I’m going to apologise right now for posting again today, but today is difficult, and you’ll note that under the name of this blog are the words writing my way out of a rut… I’m trying to do exactly that, and you awesome amazing people who have liked and commented today have sort of helped me succeed in my goal. Ok, and now the post…
“We need to move you to the coronary care unit.” Hmmm, can no longer hide from reality. Am also attempting to deal with this alone. I know, I’ll blog. Were my initial thoughts. The consultant’s junior stood behind him keeping silent for the first time since I’d met him. He’d waltzed into A&E and tried to send me home, ignoring my cardiac symptoms and the swelling and basically making me feel like a complete idiot by patronising me. When I then stood up to walk and my heart rate shot through the roof, he swiftly rethought his decision, and hastily tried to backtrack each time he saw me, with monitors alarming over the sound of his voice as my freight train heart ran (and continues to run) at over 140bpm while laying down, until eventually he agreed with the doctors I saw in A&E, after speaking to my cardiology team in London who have increased the medication I am on. “We can’t get rid of the fluid until we improve your heart function.” He said when he first saw me in the acute admissions unit, “Right now it’s hardly shifting the blood and if we take out the excess fluid until it is pumping more efficiently you’ll end up with dangerously low blood volume” ok… So… Maybe don’t do that then. Also well done Sherlock for finally admitting, in a way, that you were wrong and I wasn’t being ridiculous. Good job I didn’t make it out of the door eh? Who looks stupid now?
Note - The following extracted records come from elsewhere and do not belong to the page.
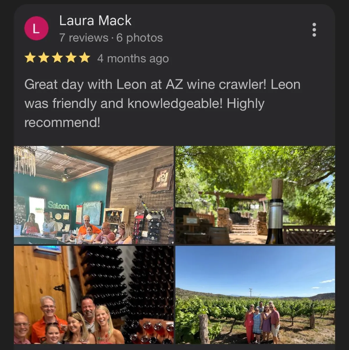 "Booked the AZ Wine Crawl for my 50th birthday and it turned into a legendary day! Private tastings, laughter, local wines I'd never even heard of, and the friendliest hosts. Everyone keeps asking how I found it—I just tell them it's Arizona's best-kept secret."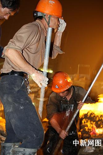 熟悉現(xiàn)場(chǎng)情況的工人正在尋找可能存活的工友。作者:張兆嶺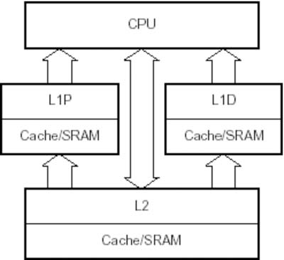 在执行算法时,CPU 与存储器之间的指令和数据传输至关重要。在如图 2 所示的 TMS320C6455 DSP 存储器系统中,可通过使用 256 位宽的数据总线并在 CPU 与存储器之间的内部直接存储器存取 (DMA) 架构上创建两层高速缓存来优化数据传输。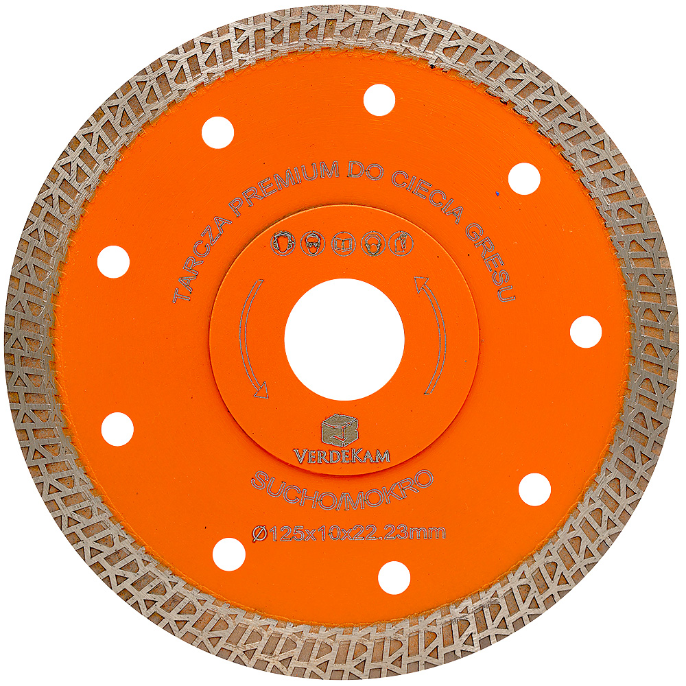 Tarcza diamentowa 125mm firmy VERDEKAM ORG 125mm, linii PRO, nadaje się do szybkiego cięcia gresu, ceramiki, płytek, granitu itp.

And then they became concerned about my diabetes, which is a complicated beast people often underestimate. I may end up on intravenous insulin while I’m in here, just to give us more control and give my heart a break. “I’m not happy to leave you like this. I want to measure the level of (horrible acidic things) in your blood”
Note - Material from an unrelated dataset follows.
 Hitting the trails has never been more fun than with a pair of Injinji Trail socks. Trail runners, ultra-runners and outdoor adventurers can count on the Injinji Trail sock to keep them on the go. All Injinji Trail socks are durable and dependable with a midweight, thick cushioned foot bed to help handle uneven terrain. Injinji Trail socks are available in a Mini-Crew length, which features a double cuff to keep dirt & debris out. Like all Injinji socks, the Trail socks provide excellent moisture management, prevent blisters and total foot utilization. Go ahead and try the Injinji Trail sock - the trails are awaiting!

He then started discussing other complicating issues and revolutionary surgery that is still in research/ trial stages (which I was turned down for before because I was too young even though the government or some official body gave us permission) which may overcome them and prevent me from the downward spiral that is probably (when evaluated realistically) going to take my life eventually if not dealt with (and nobody else knew how to deal with it). And suddenly there was hope where there was none. Suddenly the complicating factor may be fixed. Maybe. But maybe is better than “I don’t know what to do” and sitting back to watch nature take its course and a 20 year old patient (me) bounce in and out of intensive care, and almost die, way too often. Uni dad was right to be optimistic, it turns out. I would tell him that, but I don’t feel like I can talk to many people any more (ok so my uni parents were the only people I figured out how to talk to but still…)
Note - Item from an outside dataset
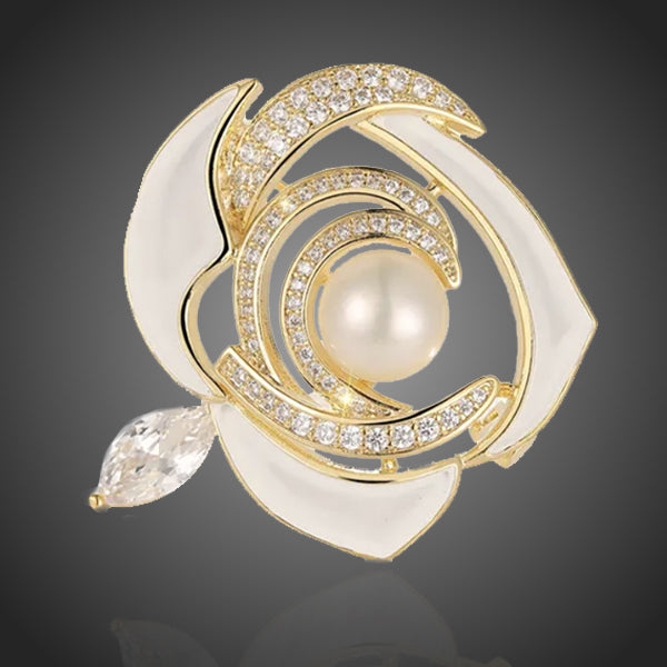 Nádherná dámska elegantná brošňa s bielou riečnou perlou, bielym smaltom doplnená žiarivými čírymi zirkónmi. Zachováva si dlhotrvajúci lesk a jas. Antialergické.

And then came the words. The words that, above all else I have heard today, rocked my world so hard I almost fell out of the boat that I only just learned to sail (ironic, the last time I got in a boat and raced was the start of the most serious heart issues)
“I’ll see you on Monday, and I’ll get your nurse to come round at some point in the day then too.”
I have an exam at 10am on Tuesday morning and according to the maps app on my phone I am currently… (I need to actually check) …46 minutes and over 30 miles away from university. And just to be clear, even if it kills me, I am sitting my exam, just to prove wrong the staff that told me I would never make it, the doctors that told me I wouldn’t last that long… And the part of myself that thinks I’m good for nothing.
“When can I leave?”
“I’ll see you on Monday.”
“I have an exam”
“Your primary care team in London want your heart rate lower than it is.”
“I’ll see you on Monday.”
And so now I’m in here for two things that are going wrong, and they’ve just called a porter to move me to CCU, and so what am I doing? Well I’ve just finished watching a film on the ridiculously cheap tablet I bought myself (to try and distract myself when in hospital), and I’m revising, of course. Because I keep telling myself that university isn’t the most important thing in my life (as I break down over university, the most important thing in my life), but nothing is going to stop me sitting that exam.
“Oh bless her she was only here last week really poorly, she was refusing central lines and all sorts and had a lot of doctors trying to get a line in her the poor thing.” Haha I am remembered. Wish I wasn’t. Wish I was going home. Wish I was headed back to uni in London. Wish I was getting out of here tomorrow. But I’m going to be in that exam.
Where there’s a will, there’s a way.